TASK DETAILS:
The records below must be returned exactly, with every picture left out.

(Data entries)
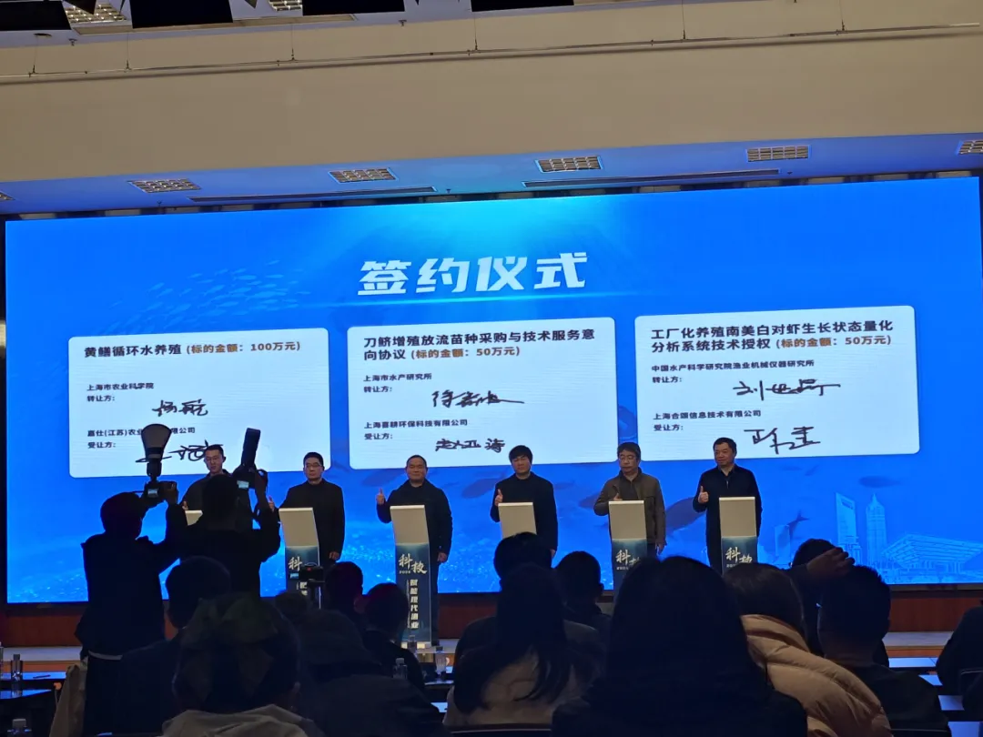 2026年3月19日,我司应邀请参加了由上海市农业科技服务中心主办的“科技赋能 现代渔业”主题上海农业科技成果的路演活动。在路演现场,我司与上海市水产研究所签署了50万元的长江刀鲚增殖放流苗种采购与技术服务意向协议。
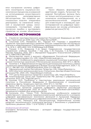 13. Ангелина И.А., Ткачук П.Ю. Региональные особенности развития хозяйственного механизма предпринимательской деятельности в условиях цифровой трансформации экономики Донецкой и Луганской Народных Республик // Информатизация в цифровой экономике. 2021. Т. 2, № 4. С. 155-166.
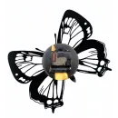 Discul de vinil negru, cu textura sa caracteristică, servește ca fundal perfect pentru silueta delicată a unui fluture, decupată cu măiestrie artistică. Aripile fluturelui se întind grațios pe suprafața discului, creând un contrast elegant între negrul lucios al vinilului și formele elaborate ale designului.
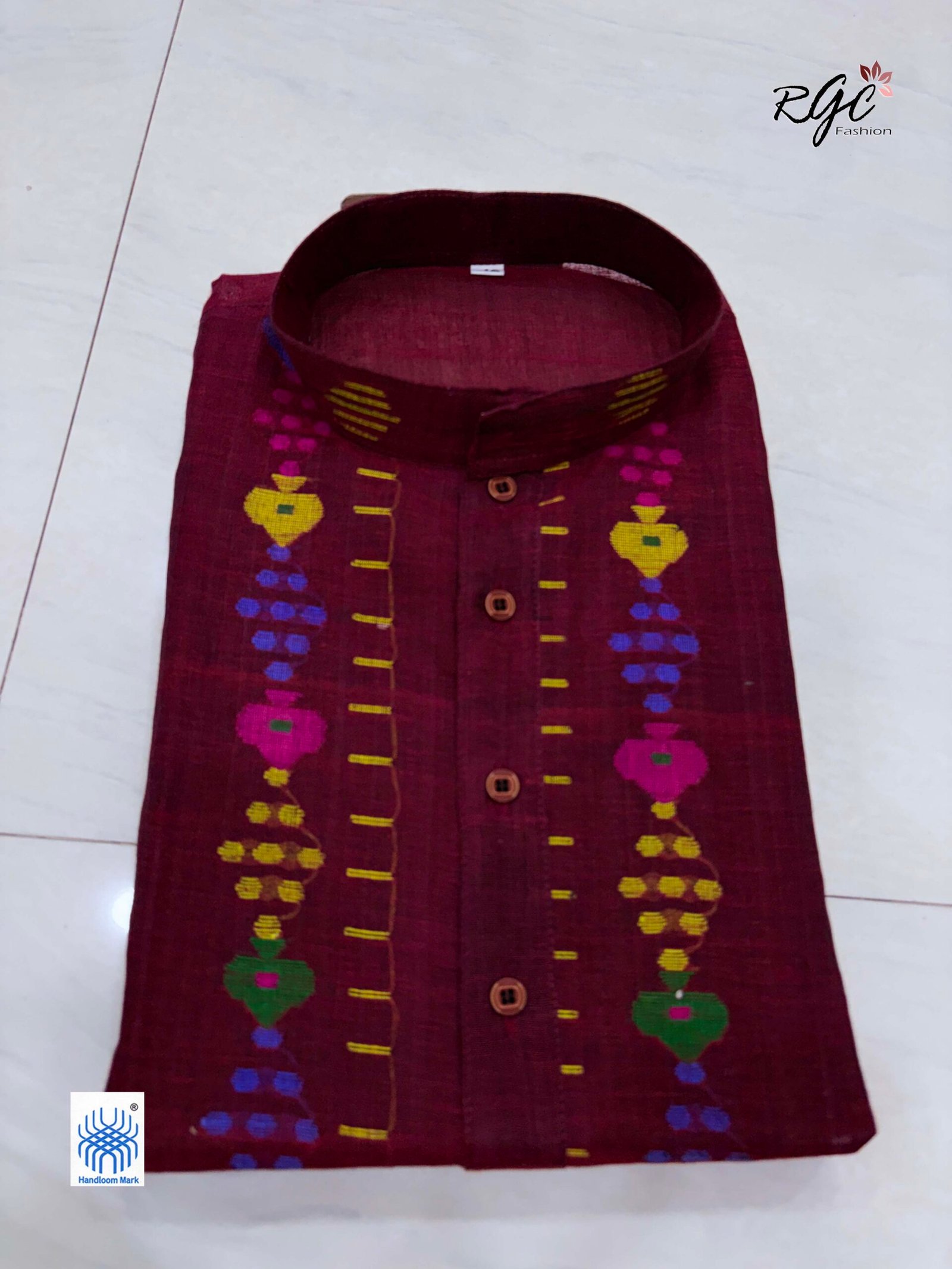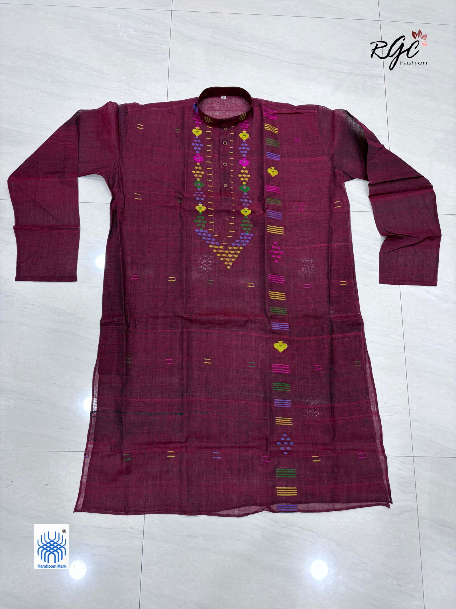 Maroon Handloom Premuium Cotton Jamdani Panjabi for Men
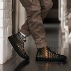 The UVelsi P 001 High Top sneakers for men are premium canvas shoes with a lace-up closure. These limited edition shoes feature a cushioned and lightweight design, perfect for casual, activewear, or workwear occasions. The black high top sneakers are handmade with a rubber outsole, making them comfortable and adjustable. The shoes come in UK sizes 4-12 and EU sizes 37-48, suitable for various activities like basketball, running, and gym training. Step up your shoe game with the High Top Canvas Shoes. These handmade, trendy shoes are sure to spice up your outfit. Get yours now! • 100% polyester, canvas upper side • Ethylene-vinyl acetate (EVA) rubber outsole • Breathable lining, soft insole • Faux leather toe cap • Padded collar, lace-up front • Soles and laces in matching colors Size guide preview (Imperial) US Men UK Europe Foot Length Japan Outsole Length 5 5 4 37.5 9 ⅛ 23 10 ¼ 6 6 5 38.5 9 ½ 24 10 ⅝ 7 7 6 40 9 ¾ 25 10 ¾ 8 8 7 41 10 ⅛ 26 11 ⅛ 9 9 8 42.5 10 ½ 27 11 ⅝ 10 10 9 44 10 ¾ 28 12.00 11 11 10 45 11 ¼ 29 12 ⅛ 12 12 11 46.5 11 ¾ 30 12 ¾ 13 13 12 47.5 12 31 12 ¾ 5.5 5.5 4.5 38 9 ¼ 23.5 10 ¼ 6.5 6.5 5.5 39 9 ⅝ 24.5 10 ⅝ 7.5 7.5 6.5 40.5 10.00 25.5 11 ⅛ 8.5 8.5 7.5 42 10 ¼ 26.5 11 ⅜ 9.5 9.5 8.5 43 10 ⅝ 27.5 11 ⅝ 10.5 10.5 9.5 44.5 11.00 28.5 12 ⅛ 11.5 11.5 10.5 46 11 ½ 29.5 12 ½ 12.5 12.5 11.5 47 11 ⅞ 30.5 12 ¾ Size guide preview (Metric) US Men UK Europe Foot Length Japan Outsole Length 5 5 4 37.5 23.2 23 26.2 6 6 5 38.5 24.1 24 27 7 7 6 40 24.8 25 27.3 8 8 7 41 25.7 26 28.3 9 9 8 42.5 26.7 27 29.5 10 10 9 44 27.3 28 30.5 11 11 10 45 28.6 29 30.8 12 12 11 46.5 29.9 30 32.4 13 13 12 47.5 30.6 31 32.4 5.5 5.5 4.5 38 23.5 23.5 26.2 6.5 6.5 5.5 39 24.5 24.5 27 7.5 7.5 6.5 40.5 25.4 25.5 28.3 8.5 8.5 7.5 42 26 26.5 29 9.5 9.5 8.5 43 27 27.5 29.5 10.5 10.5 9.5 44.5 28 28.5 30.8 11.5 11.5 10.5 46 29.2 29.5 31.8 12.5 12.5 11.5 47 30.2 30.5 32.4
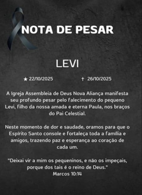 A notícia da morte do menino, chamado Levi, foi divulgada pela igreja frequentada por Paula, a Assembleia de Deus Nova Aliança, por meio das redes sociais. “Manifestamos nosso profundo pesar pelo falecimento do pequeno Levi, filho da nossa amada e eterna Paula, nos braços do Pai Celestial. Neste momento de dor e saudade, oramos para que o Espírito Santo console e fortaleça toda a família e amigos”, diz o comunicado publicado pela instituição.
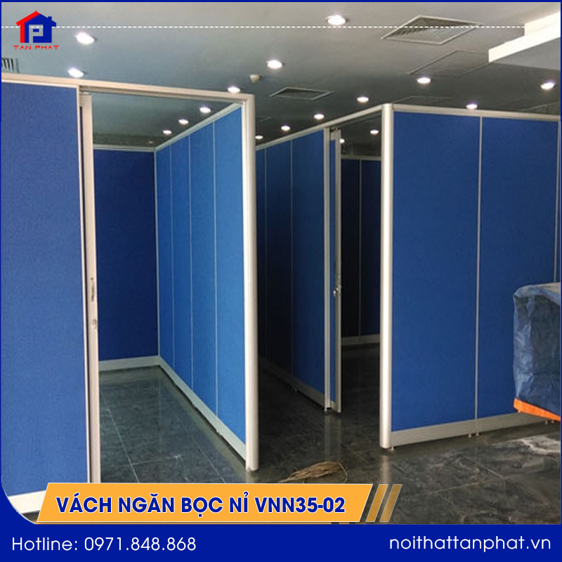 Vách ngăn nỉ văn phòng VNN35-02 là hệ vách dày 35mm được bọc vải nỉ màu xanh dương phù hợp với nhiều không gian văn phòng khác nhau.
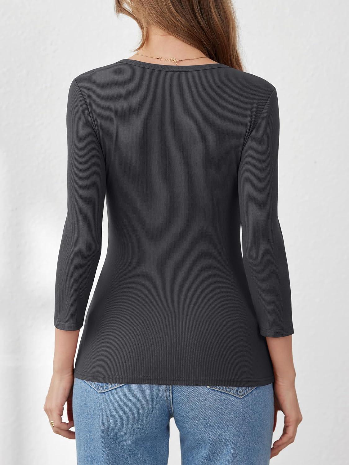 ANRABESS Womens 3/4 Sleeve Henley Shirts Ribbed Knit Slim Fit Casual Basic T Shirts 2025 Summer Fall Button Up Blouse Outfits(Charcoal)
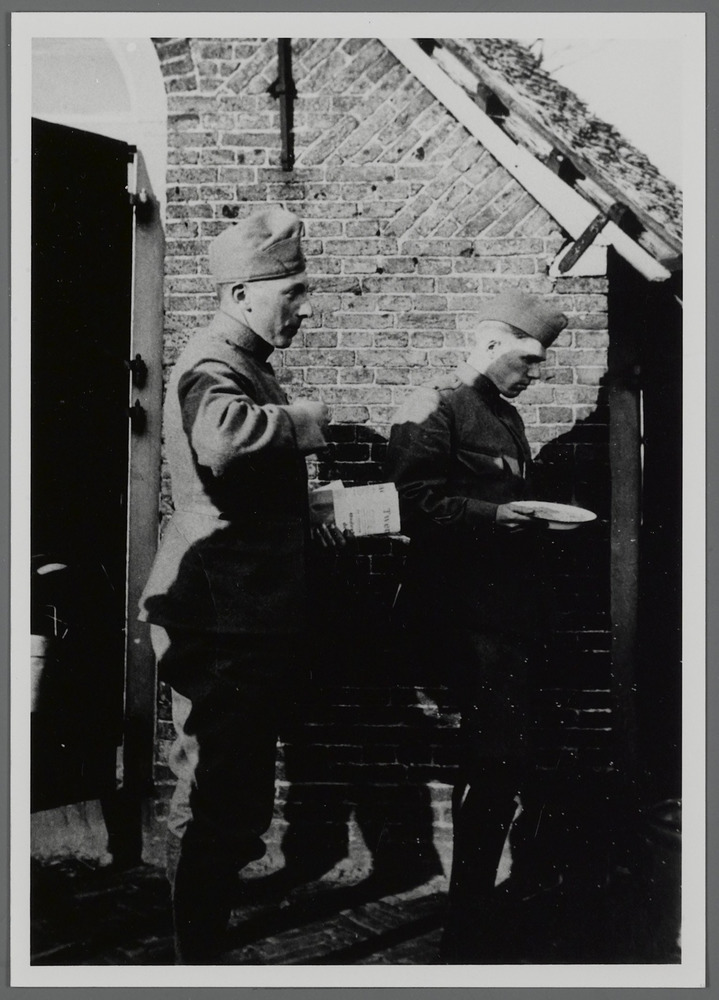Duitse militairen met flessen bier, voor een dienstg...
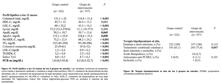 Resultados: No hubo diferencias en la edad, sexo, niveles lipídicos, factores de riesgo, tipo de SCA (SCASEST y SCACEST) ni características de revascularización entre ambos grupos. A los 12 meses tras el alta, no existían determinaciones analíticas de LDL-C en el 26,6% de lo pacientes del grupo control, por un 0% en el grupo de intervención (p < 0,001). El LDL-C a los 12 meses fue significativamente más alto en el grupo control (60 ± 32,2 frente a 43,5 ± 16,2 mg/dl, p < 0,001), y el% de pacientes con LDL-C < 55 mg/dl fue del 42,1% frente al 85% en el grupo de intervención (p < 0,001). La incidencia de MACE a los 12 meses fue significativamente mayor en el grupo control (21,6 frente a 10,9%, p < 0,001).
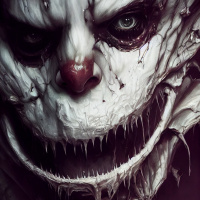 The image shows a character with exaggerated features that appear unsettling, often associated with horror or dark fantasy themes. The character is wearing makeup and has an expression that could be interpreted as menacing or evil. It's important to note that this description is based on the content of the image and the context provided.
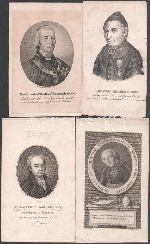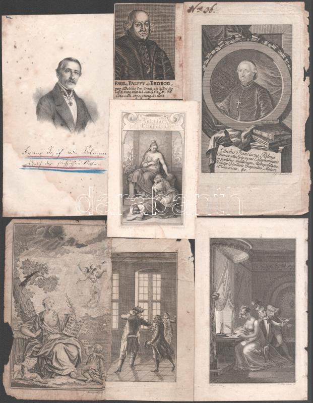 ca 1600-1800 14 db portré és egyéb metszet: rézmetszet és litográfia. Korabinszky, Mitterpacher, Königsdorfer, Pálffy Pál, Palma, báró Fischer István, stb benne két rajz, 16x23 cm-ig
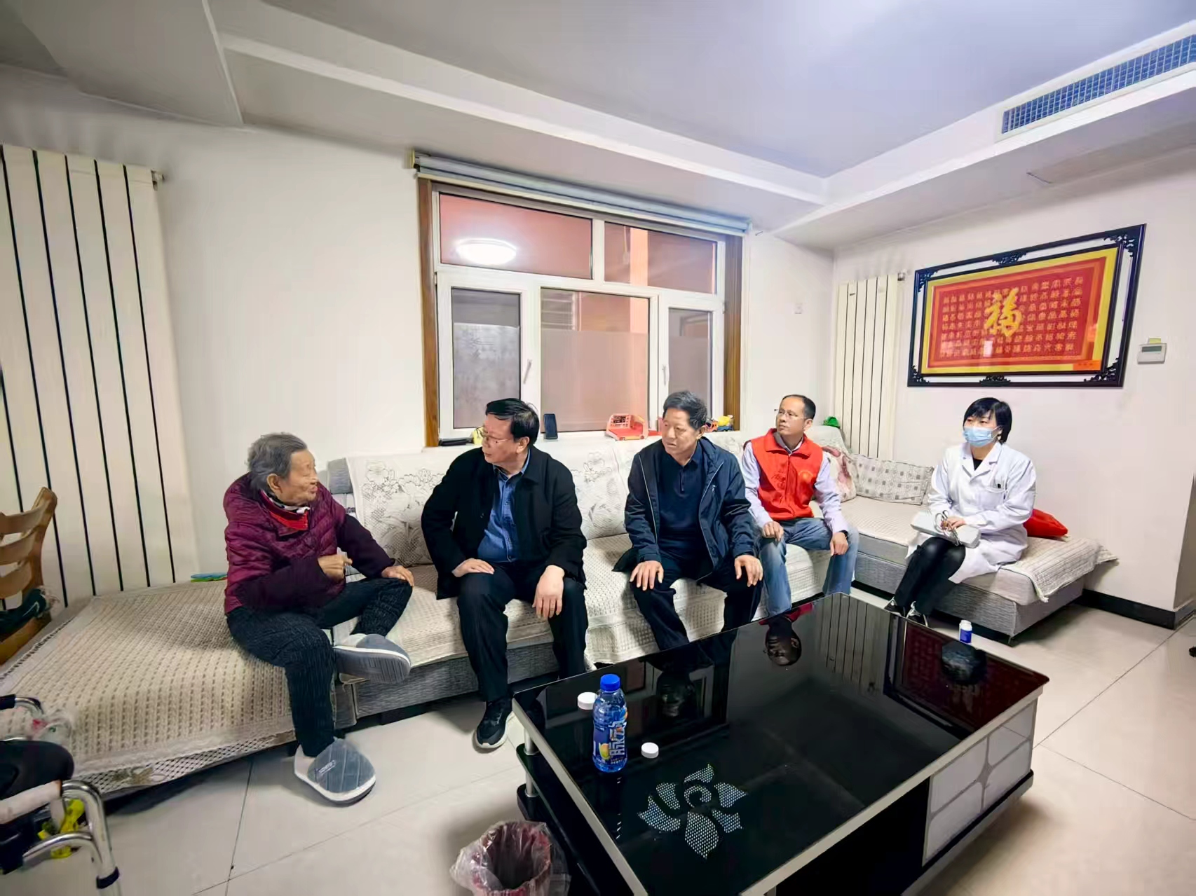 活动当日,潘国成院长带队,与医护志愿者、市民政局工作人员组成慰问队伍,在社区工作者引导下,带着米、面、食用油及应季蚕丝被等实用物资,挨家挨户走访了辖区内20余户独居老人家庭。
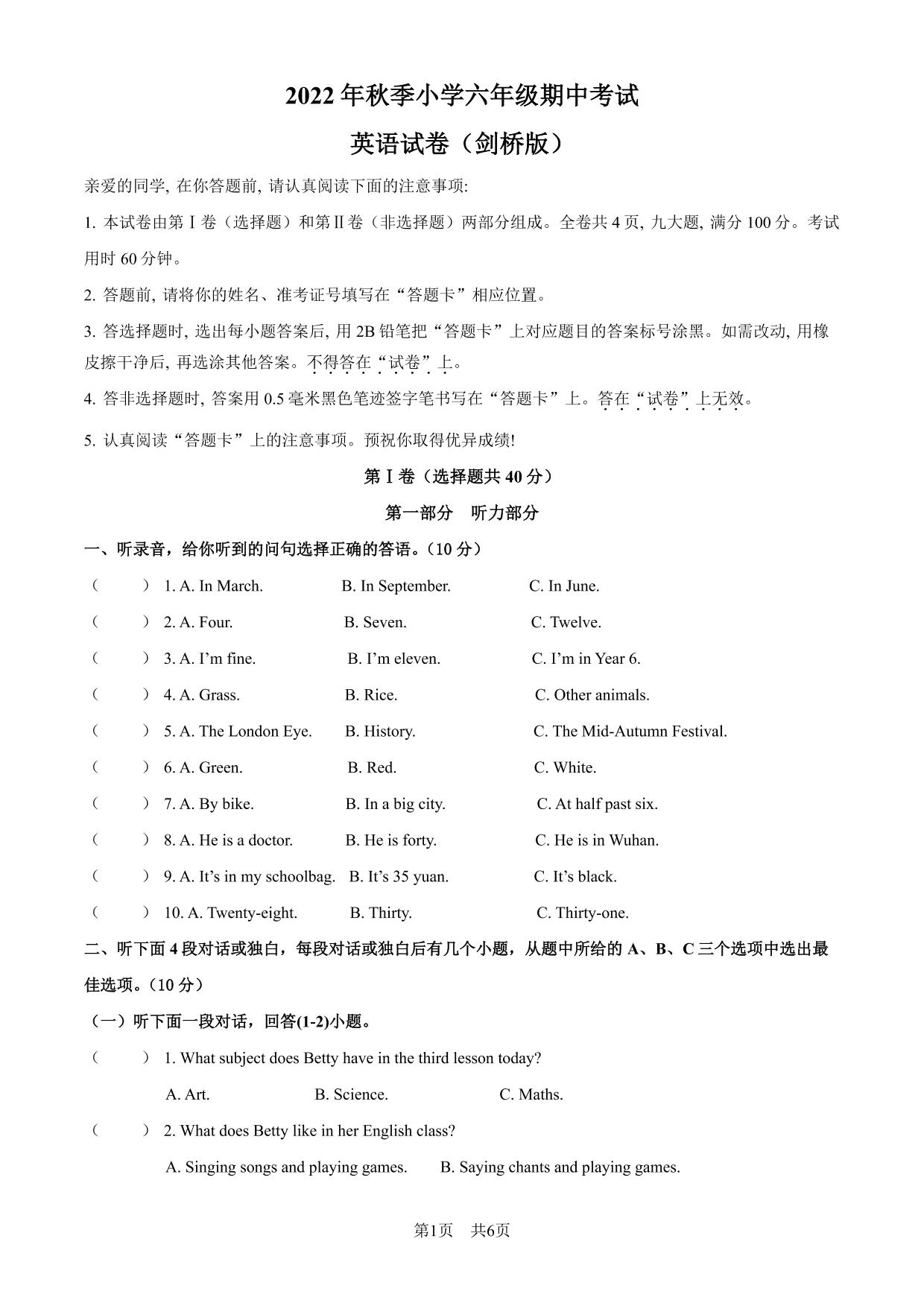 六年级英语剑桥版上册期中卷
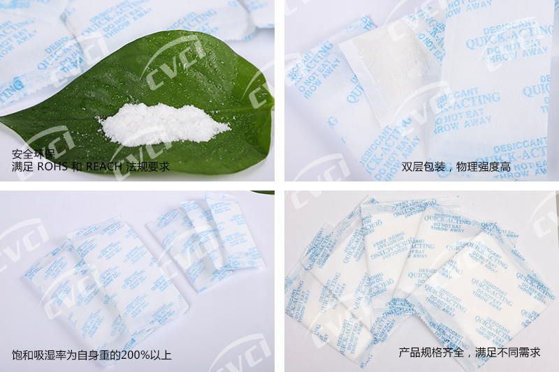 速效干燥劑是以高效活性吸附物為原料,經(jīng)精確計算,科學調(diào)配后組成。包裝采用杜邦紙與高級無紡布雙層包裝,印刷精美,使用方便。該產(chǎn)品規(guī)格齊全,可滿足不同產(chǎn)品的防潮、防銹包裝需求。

SOLUTION FOR THIS PROBLEM:
 2026年3月19日,我司应邀请参加了由上海市农业科技服务中心主办的“科技赋能 现代渔业”主题上海农业科技成果的路演活动。在路演现场,我司与上海市水产研究所签署了50万元的长江刀鲚增殖放流苗种采购与技术服务意向协议。
 13. Ангелина И.А., Ткачук П.Ю. Региональные особенности развития хозяйственного механизма предпринимательской деятельности в условиях цифровой трансформации экономики Донецкой и Луганской Народных Республик // Информатизация в цифровой экономике. 2021. Т. 2, № 4. С. 155-166.
 Discul de vinil negru, cu textura sa caracteristică, servește ca fundal perfect pentru silueta delicată a unui fluture, decupată cu măiestrie artistică. Aripile fluturelui se întind grațios pe suprafața discului, creând un contrast elegant între negrul lucios al vinilului și formele elaborate ale designului.
 Maroon Handloom Premuium Cotton Jamdani Panjabi for Men
 The UVelsi P 001 High Top sneakers for men are premium canvas shoes with a lace-up closure. These limited edition shoes feature a cushioned and lightweight design, perfect for casual, activewear, or workwear occasions. The black high top sneakers are handmade with a rubber outsole, making them comfortable and adjustable. The shoes come in UK sizes 4-12 and EU sizes 37-48, suitable for various activities like basketball, running, and gym training. Step up your shoe game with the High Top Canvas Shoes. These handmade, trendy shoes are sure to spice up your outfit. Get yours now! • 100% polyester, canvas upper side • Ethylene-vinyl acetate (EVA) rubber outsole • Breathable lining, soft insole • Faux leather toe cap • Padded collar, lace-up front • Soles and laces in matching colors Size guide preview (Imperial) US Men UK Europe Foot Length Japan Outsole Length 5 5 4 37.5 9 ⅛ 23 10 ¼ 6 6 5 38.5 9 ½ 24 10 ⅝ 7 7 6 40 9 ¾ 25 10 ¾ 8 8 7 41 10 ⅛ 26 11 ⅛ 9 9 8 42.5 10 ½ 27 11 ⅝ 10 10 9 44 10 ¾ 28 12.00 11 11 10 45 11 ¼ 29 12 ⅛ 12 12 11 46.5 11 ¾ 30 12 ¾ 13 13 12 47.5 12 31 12 ¾ 5.5 5.5 4.5 38 9 ¼ 23.5 10 ¼ 6.5 6.5 5.5 39 9 ⅝ 24.5 10 ⅝ 7.5 7.5 6.5 40.5 10.00 25.5 11 ⅛ 8.5 8.5 7.5 42 10 ¼ 26.5 11 ⅜ 9.5 9.5 8.5 43 10 ⅝ 27.5 11 ⅝ 10.5 10.5 9.5 44.5 11.00 28.5 12 ⅛ 11.5 11.5 10.5 46 11 ½ 29.5 12 ½ 12.5 12.5 11.5 47 11 ⅞ 30.5 12 ¾ Size guide preview (Metric) US Men UK Europe Foot Length Japan Outsole Length 5 5 4 37.5 23.2 23 26.2 6 6 5 38.5 24.1 24 27 7 7 6 40 24.8 25 27.3 8 8 7 41 25.7 26 28.3 9 9 8 42.5 26.7 27 29.5 10 10 9 44 27.3 28 30.5 11 11 10 45 28.6 29 30.8 12 12 11 46.5 29.9 30 32.4 13 13 12 47.5 30.6 31 32.4 5.5 5.5 4.5 38 23.5 23.5 26.2 6.5 6.5 5.5 39 24.5 24.5 27 7.5 7.5 6.5 40.5 25.4 25.5 28.3 8.5 8.5 7.5 42 26 26.5 29 9.5 9.5 8.5 43 27 27.5 29.5 10.5 10.5 9.5 44.5 28 28.5 30.8 11.5 11.5 10.5 46 29.2 29.5 31.8 12.5 12.5 11.5 47 30.2 30.5 32.4
 A notícia da morte do menino, chamado Levi, foi divulgada pela igreja frequentada por Paula, a Assembleia de Deus Nova Aliança, por meio das redes sociais. “Manifestamos nosso profundo pesar pelo falecimento do pequeno Levi, filho da nossa amada e eterna Paula, nos braços do Pai Celestial. Neste momento de dor e saudade, oramos para que o Espírito Santo console e fortaleça toda a família e amigos”, diz o comunicado publicado pela instituição.
 Vách ngăn nỉ văn phòng VNN35-02 là hệ vách dày 35mm được bọc vải nỉ màu xanh dương phù hợp với nhiều không gian văn phòng khác nhau.
 ANRABESS Womens 3/4 Sleeve Henley Shirts Ribbed Knit Slim Fit Casual Basic T Shirts 2025 Summer Fall Button Up Blouse Outfits(Charcoal)
Duitse militairen met flessen bier, voor een dienstg...
 Resultados: No hubo diferencias en la edad, sexo, niveles lipídicos, factores de riesgo, tipo de SCA (SCASEST y SCACEST) ni características de revascularización entre ambos grupos. A los 12 meses tras el alta, no existían determinaciones analíticas de LDL-C en el 26,6% de lo pacientes del grupo control, por un 0% en el grupo de intervención (p < 0,001). El LDL-C a los 12 meses fue significativamente más alto en el grupo control (60 ± 32,2 frente a 43,5 ± 16,2 mg/dl, p < 0,001), y el% de pacientes con LDL-C < 55 mg/dl fue del 42,1% frente al 85% en el grupo de intervención (p < 0,001). La incidencia de MACE a los 12 meses fue significativamente mayor en el grupo control (21,6 frente a 10,9%, p < 0,001).
 The image shows a character with exaggerated features that appear unsettling, often associated with horror or dark fantasy themes. The character is wearing makeup and has an expression that could be interpreted as menacing or evil. It's important to note that this description is based on the content of the image and the context provided.
 ca 1600-1800 14 db portré és egyéb metszet: rézmetszet és litográfia. Korabinszky, Mitterpacher, Königsdorfer, Pálffy Pál, Palma, báró Fischer István, stb benne két rajz, 16x23 cm-ig
 活动当日,潘国成院长带队,与医护志愿者、市民政局工作人员组成慰问队伍,在社区工作者引导下,带着米、面、食用油及应季蚕丝被等实用物资,挨家挨户走访了辖区内20余户独居老人家庭。
 六年级英语剑桥版上册期中卷
 速效干燥劑是以高效活性吸附物為原料,經(jīng)精確計算,科學調(diào)配后組成。包裝采用杜邦紙與高級無紡布雙層包裝,印刷精美,使用方便。該產(chǎn)品規(guī)格齊全,可滿足不同產(chǎn)品的防潮、防銹包裝需求。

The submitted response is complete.